POMS SI 01120.010 provides that an individual must have some form of ownership interest in property in order for the property to be considered a resource. [For presumably liquid resources (SI 01110.305), assume that the person whose name is shown as owner owns the entire resource. If more than one owner is shown, assume that each has an equal ownership interest. POMS SI 01140.030; the exception is checking and savings accounts]. The fact that an individual has access to property, or has a legal right to use it, does not make it a resource if there is no ownership interest (SI 01110.100) [But see POMS SI 01110.520]. Further, an individual must have a legal right to access property. Despite having an ownership interest, property cannot be a resource if the owner lacks the legal ability to access funds for spending or to convert noncash property into cash (SI 01110.100). The fact that an owner does not have physical possession of property does not mean it is not his/her resource, provided the owner still has the legal ability to spend it or convert it to cash. However, see SI 01140.240 if a U.S. Savings Bond is involved. Even with ownership interest and legal ability to access property, a legal restriction against the property’s use for the owner’s own support and maintenance means the property is not his/her resource (SI 01110.100).

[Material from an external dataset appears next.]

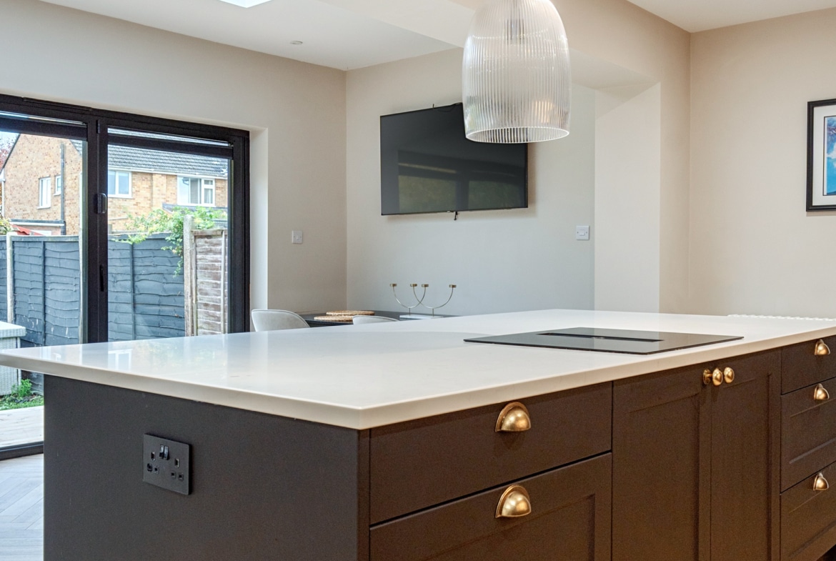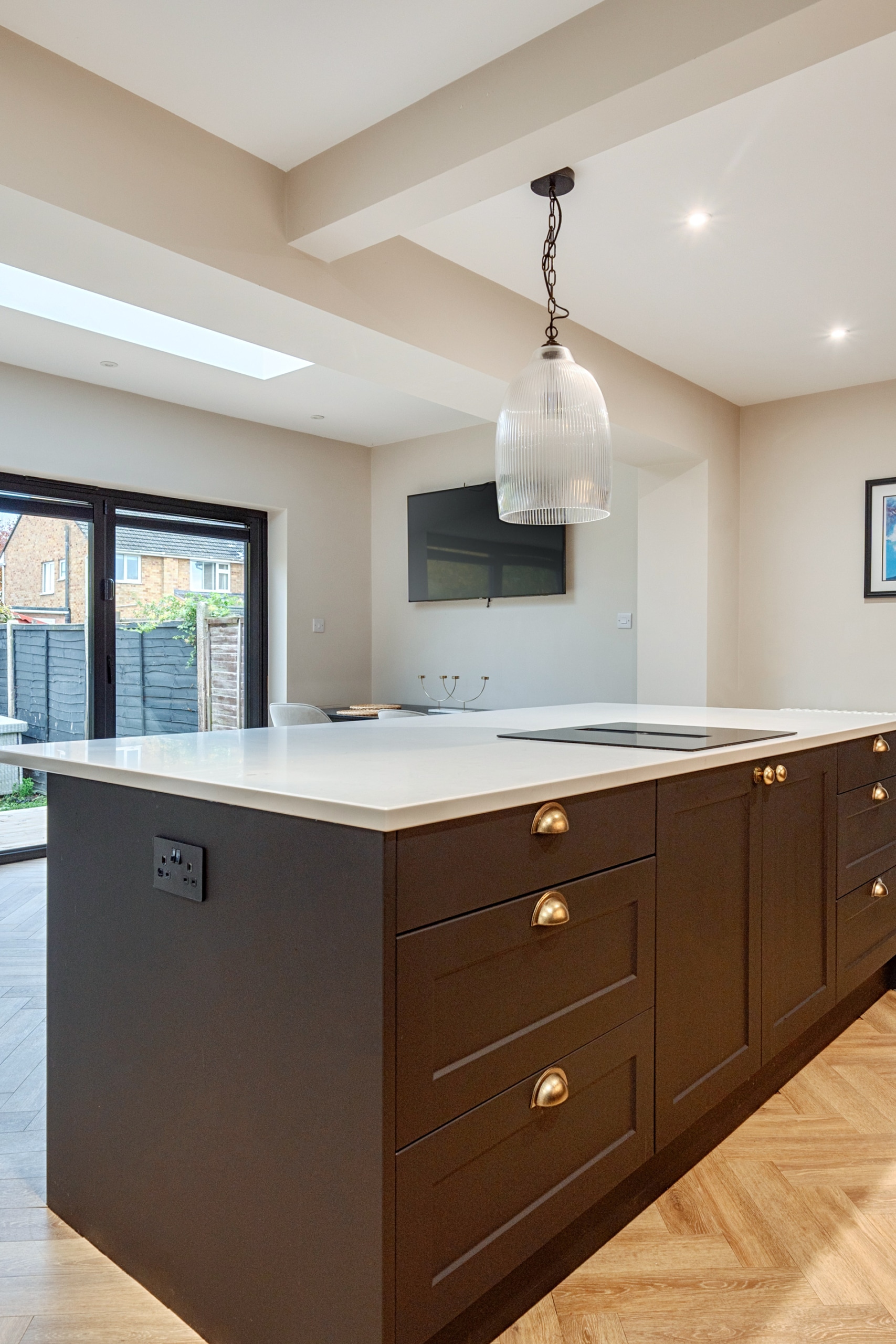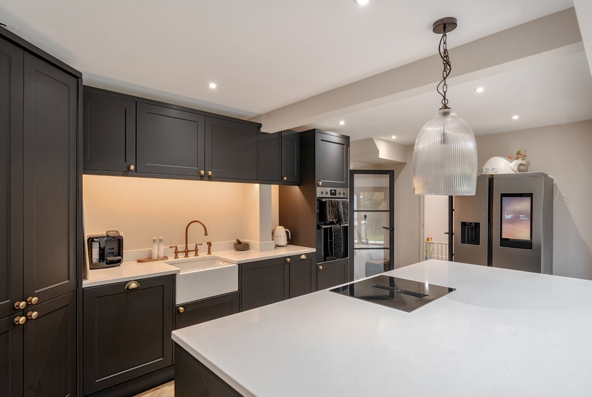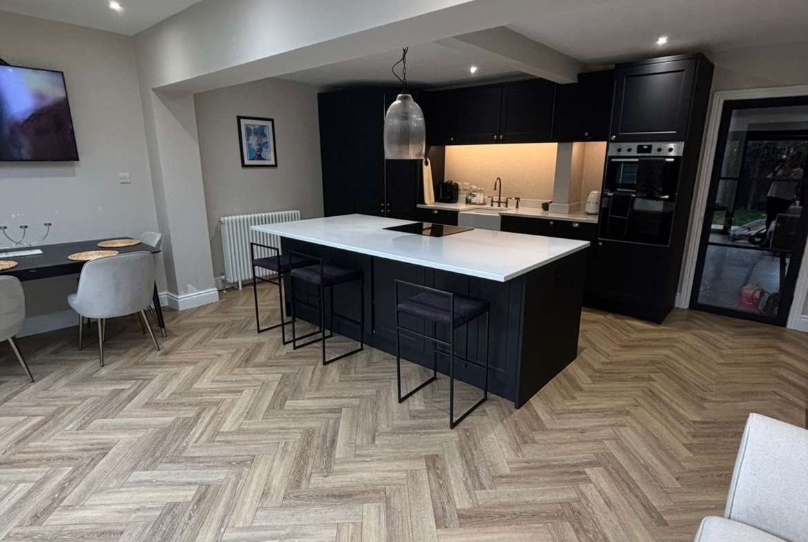 At the heart of the home lies a spectacular open-plan kitchen and dining area. With marble worktops, an integrated double oven, induction hob, and a generous walk-in larder, the space is designed for both everyday living and entertaining. Bi-folding doors open onto a beautifully landscaped rear garden, seamlessly connecting indoor and outdoor spaces.

20 C.F.R. § 416.1201(a)(1) provides: “If a property right cannot be liquidated, the property will not be considered a resource of the individual (or spouse).” In that regard, POMS SI 01120.010 provides when there is a legal bar to sale of property (e.g., if a co-owner legally blocks sale of jointly-owned property), we do not require an individual to undertake litigation in order to accomplish sale or access. The property is not a resource under such circumstances in a month if a legal bar exists as of the first moment of that month. Further, although conservatorship accounts are presumed to be available, that presumption may be rebutted with evidence showing otherwise. Examples of what constitutes evidence of unavailability are in POMS SI 01140.215B.2.
Social Security’s Program Operations Manual System (POMS) describes property ownership at SI 01110.500 as follows:
A. Introduction
Ownership interests in property, whether real or personal, can occur in various types and forms. Since the type and form of ownership may affect the value of property and even its status as a resource, they are significant in determining resources eligibility.
B. Description — Types Of Ownership
1. SOLE VS. SHARED OWNERSHIP
An individual may have sole ownership of a property or may share its ownership with others. See SI 01110.510.
2. FEE SIMPLE OWNERSHIP
Fee simple ownership, which relates only to real property, is completely free of conditions imposed by others. See SI 01110.515 A.1. [See O.C.G.A. § 44-6-20]
3. LESS THAN FEE SIMPLE OWNERSHIP
a. A life estate interest conveys ownership of limited duration. See SI 01110.515 A.2. and B.
b. Equitable ownership can occur when an individual does not have legal title to property. See SI 01110.515 A.2.b. and C. [The table at POMS SI 01140.120 is used to value a life estate]
4. PROPERTY RIGHTS WITHOUT OWNERSHIP
a. A leasehold conveys a time-limited control of property but not ownership of it. See SI 01110.520 B.1.
b. An incorporeal interest in property is a right to use the property but without any right to possess it or sell it. See SI 01110.520 B.2.
C. Operating Policy — Variance In State Laws With Respect To Ownership
The explanations of ownership in the following sections represent general legal principles. However, specific points may vary with State law and issues may have to be reviewed by the Regional Office and/or Regional Counsel.
POMS SI 01140.110 describes other property rights such as mineral rights, timber rights, life estates, etc. Caseworkers are instructed to treat the items in A. above as real property and develop ownership and value per SI 01140.100. The Denver office includes a detailed description of life estates as “an ownership interest in real property. The right of ownership exists for the lifetime of an individual or individuals. Upon the death of the individual(s) the ownership passes to the “remainderman.” The owner(s) of a life estate is called a “life tenant” or “tenant for life.” An individual who merely has the right to use property, e.g., an adult child promises a parent the right to live in a home for the rest of the parent’s life, does not have an ownership interest. One distinguishing factor is that a life estate may be sold or otherwise transferred. Permissive use, however, would not be a legally transferable right, i.e., the parent may not sell the parent’s permissive right to live in the home to a third party.” See SI DEN01140.110; see also SI ATL01110.516. If the life estate holder retains the power to sell the property, its value as a resource is its full equity value. See POMS SI 01140.110.B.4.
With respect to real property, if the individual is making reasonable, but unsuccessful attempts to sell, then the property may be excluded under POMS SI 01130.140. Unsuccessful attempts to sell suggest the value is overstated. POMS SI 01140.044.